14 de agosto de 2010

As Coisas Às Avessas


"É normal desenvolverem-se propósitos ou concretizarem-se intenções que não se conhecem a fundo. O facto de alguém estar a fazer algo, não significa que saiba o que está a fazer. Esta peculiaridade de realizar desígnios sem consciência costuma ser atribuída às máquinas. O carro chega ao seu destino sem o saber, porque é conduzido por outrem. Mas só na sua aparência mais superficial este comportamento igualmente mecânico é, nas pessoas, algo de tão extraordinário assim.

Falar é uma das acções mais frequentes. E a maioria das afirmações que se faz ao falar é falsa. Por exemplo, muitos trabalhadores e empregados dizem: "o dinheiro gera riqueza", ainda que não seja o dinheiro que gera a riqueza, mas sim eles próprios. Ao dizerem-no, estão a repetir o que ouviram. "Ponha o seu dinheiro a render connosco", proclamam os bancos insistentemente. Onde foram aqueles que verdadeiramente trabalham buscar a ideia que põe o mundo às avessas, apresentando as coisas ao contrário do que são? Os sisudos professores de economia vêm afirmando-o há décadas. Dizem que o solo, o capital e o trabalho são os "factores de produção".

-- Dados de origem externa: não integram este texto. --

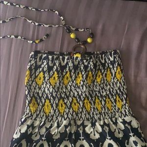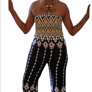Cute summer romper/jumpsuit. Halter neck tie with accent beads, ruched bodice with wide leg pants.
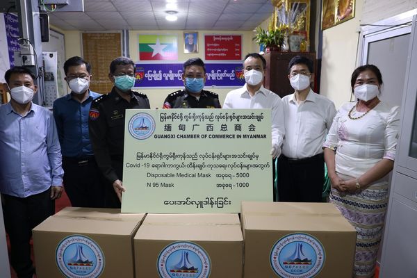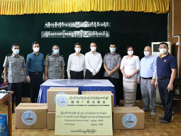 9月10日,缅甸广西商会分别向仰光省莱达雅镇政府、镇移民局、镇警察局捐赠防疫物资。中国驻缅甸使馆经商参赞谭书富,莱达雅镇东区副区长刚梭莱、吞乃温,东区移民局局长钦貌吞等参加。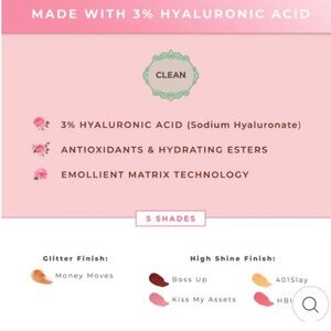 Five shades with glitter and high shine finishes. Includes Money Moves, Boss Up, 401Slay! All three tubes included! New in box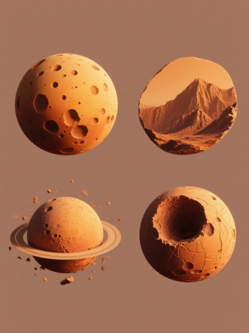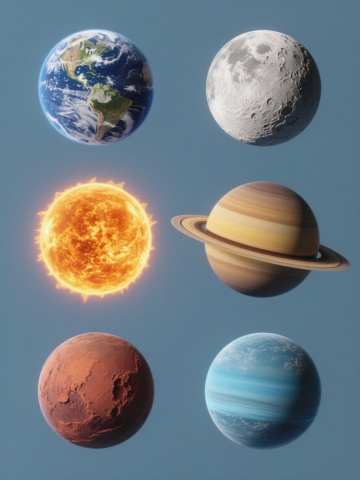 一组6个相同造型的卡通风格行星图标集合,每个行星都有带白色条纹的环形轨道、表面点缀着白色星星和橙色小星星,周围环绕着彩色小星球和流星线条,整体呈圆形构图,行星位于中心位置,所有图标在纯色背景上规整排列成2行3列的网格布局。第一个行星采用光滑玻璃材质,呈现深邃的蓝色渐变,环形轨道为半透明紫蓝色,背景为纯白色;第二个行星为哑光金属质感,整体呈银灰色,环形轨道为磨砂金属灰并带有白色高光条纹,背景为浅灰色;第三个行星是木质纹理材质,行星表面为温暖的棕黄色木纹,环形轨道为深棕色并保留白色条纹,背景为米白色;第四个行星为霓虹灯发光材质,行星主体为亮粉色渐变并带有发光边缘,环形轨道为亮蓝色发光效果,白色条纹部分发光更强,背景为深紫色;第五个行星是毛绒材质,整体呈柔和的浅绿色,表面有绒毛质感,环形轨道为浅粉色毛绒材质,白色条纹为白色绒毛,背景为淡蓝色;第六个行星为水晶材质,呈现清澈的紫色透明感,内部有细微的水晶纹路,环形轨道为透明蓝色水晶并带有白色条纹,背景为淡黄色。所有图标保持完全一致的元素内容和造型结构,仅在材质表现和整体色彩上形成鲜明对比,每个图标独立在各自的纯色背景中,整体设计风格统一为可爱卡通,视觉效果和谐且富有系列感。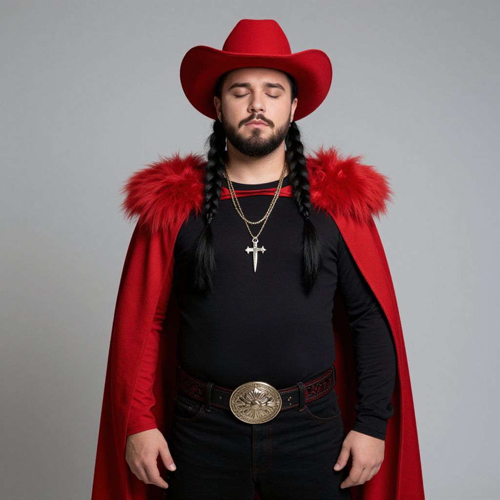 Photograph of a bearded man with closed eyes and a serious expression, wearing a bright red cowboy hat, a black long-sleeve shirt, and a red cape with fur-lined shoulders. He has long black braids and a silver cross necklace. His black pants are belted with a large, ornate, silver buckle. The background is a plain, light grey, creating a stark contrast to his vibrant red cape. The overall style is a mix of Western and medieval influences.
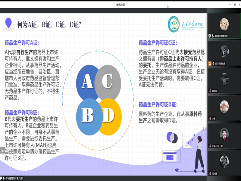 首先,谭理毅结合具体给药系统为同学们讲解了口服结肠靶向给药途径,让同学们看到其优势。接下来,李柯蒙从制度内涵、国外先例、引入背景、我国现状四个方面向同学们详细讲解了药品上市许可人制度,为同学们今后参与药物研发提供了相关背景知识。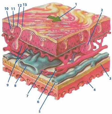 ![]() | 1 – направление мукоцилиарного потока; 2 – слизистая железа; 3 – надкостница; 4 – кость; 5 – вена; 6 – артерия; 7 – артериовенозный шунт; 8 – венозный синус; 9 – подслизистые капилляры; 10 – бокаловидная клетка; 11 – волосковая клетка; 12 – жидкий компонент слизи; 13 – вязкий (гелеобразный) компонент слизи. |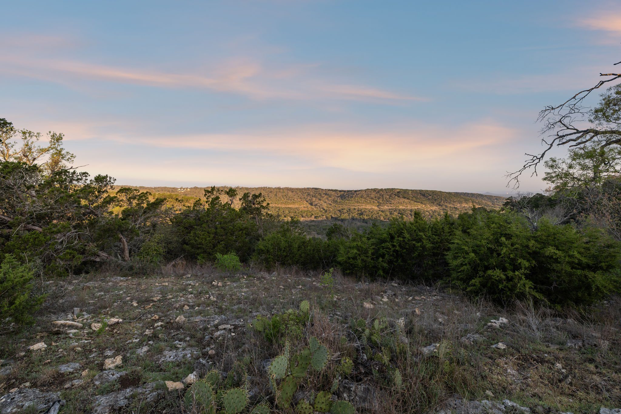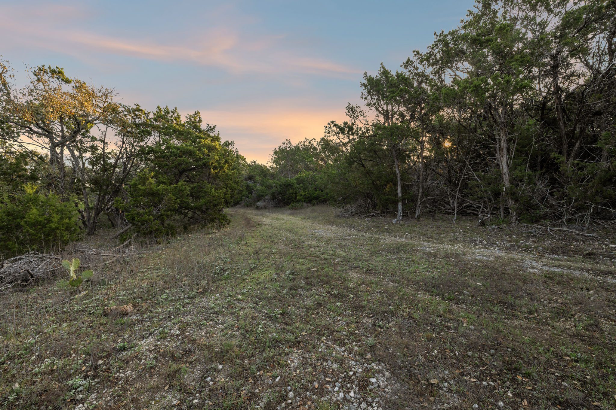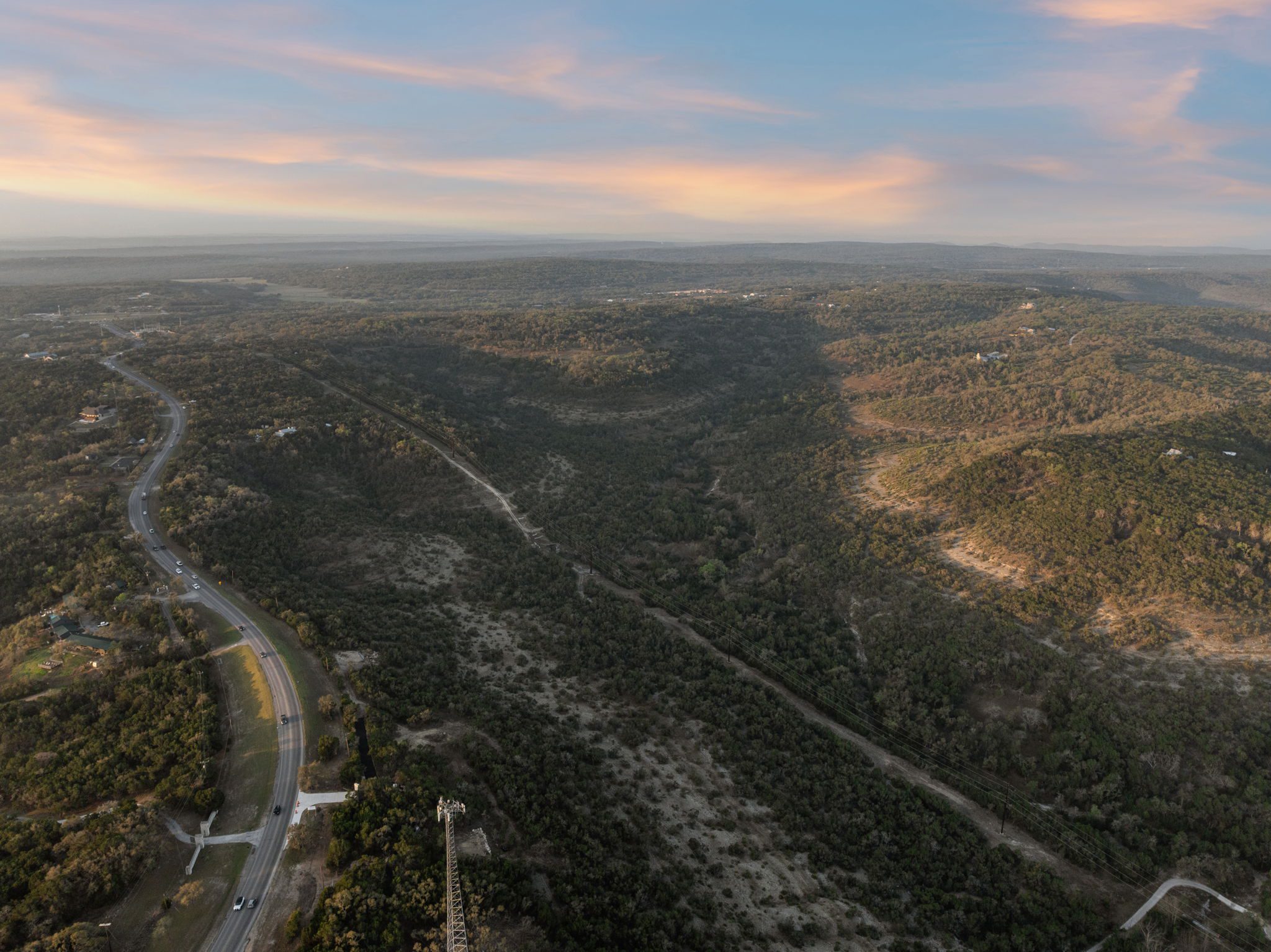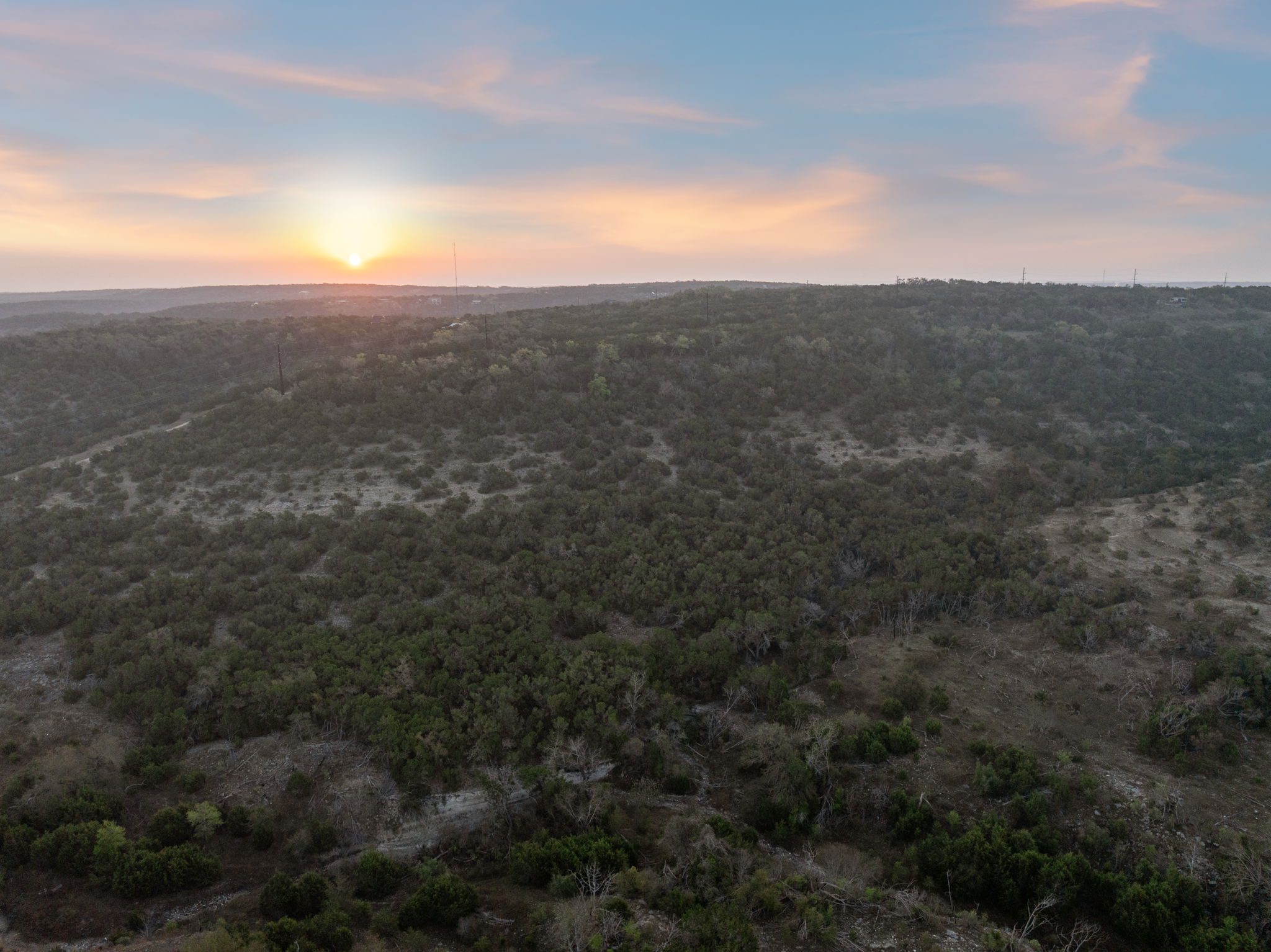 The ranch features rolling hills, mature oaks, cedar, and native brush, creating a scenic and private setting. Two seasonal creeks meander through the property, exposing dramatic limestone formations. With elevation ranging from 1,200± feet at the southeastern end to 1,020± feet to the northwest, the land offers multiple prime building sites with stunning sunset vistas.

Mas o solo não faz nada, o capital não faz nada, o "trabalho" não faz nada. Quem faz é quem trabalha, são os empregados e, alguns casos, os empresários também. Por que razão subsistem, então, tamanhas tergiversações da realidade?

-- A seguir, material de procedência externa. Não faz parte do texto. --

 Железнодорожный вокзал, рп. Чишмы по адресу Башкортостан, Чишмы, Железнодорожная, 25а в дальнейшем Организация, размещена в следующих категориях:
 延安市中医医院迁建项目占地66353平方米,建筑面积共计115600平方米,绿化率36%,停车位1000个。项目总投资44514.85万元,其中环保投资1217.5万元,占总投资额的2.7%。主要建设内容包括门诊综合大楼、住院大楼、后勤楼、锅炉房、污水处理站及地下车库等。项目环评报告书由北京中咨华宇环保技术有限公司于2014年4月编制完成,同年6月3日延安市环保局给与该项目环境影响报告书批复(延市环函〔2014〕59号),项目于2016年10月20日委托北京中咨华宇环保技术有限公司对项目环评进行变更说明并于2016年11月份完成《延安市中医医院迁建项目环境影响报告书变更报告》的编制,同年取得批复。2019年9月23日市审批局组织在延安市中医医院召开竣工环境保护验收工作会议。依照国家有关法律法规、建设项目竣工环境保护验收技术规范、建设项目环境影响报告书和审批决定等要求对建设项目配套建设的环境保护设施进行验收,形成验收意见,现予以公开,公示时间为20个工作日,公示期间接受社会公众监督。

A razão encontra-se no efeito que elas produzem. O efeito de apresentar assim a questão de produção consiste em que os trabalhadores atribuem, na lógica da produção, mais importância ao capital do que a si mesmos, ainda que sejam eles quem produz o capital. O efeito é esta condição de modéstia e humildade induzidas, atributos dos escravos, da mentalidade submissa.

[...]

Os habitantes das grandes cidades mostram aos seus visitantes da província e dos estrangeiro os maravilhosos arranha-céus e os mais recendes edifícios "inteligentes" dos bancos e consórcios empresariais. Apontam para eles com orgulho e falam deles como se fossem seus. Mas, a realidade é que são propriedade privada de uns quantos negociantes multimilionários que com os seus edifícios prodigiosos expulsam esses mesmos habitantes para as cidades dormitório das periferias. Milhares e milhares deles têm de abandonar as suas casas no centro das cidades porque umas dezenas de especuladores ganham mais com edifícios comerciais do que residenciais. Os trabalhadores assalariados e empregados tem que ir para os arrabaldes (agora chama-se subúrbios) porque o Estado protege os especuladores de solos. Hoje em dia, os trabalhadores deixam mais de um décimo da sua vida no transporte para o local de trabalho.

Os expulsos estão orgulhosos da propriedade que os expulsa. Não aprenderam a estabelecer as relações entre as diferentes informações, a contextualizá-las. Consideram, aliás, imutável e inelutável a situação".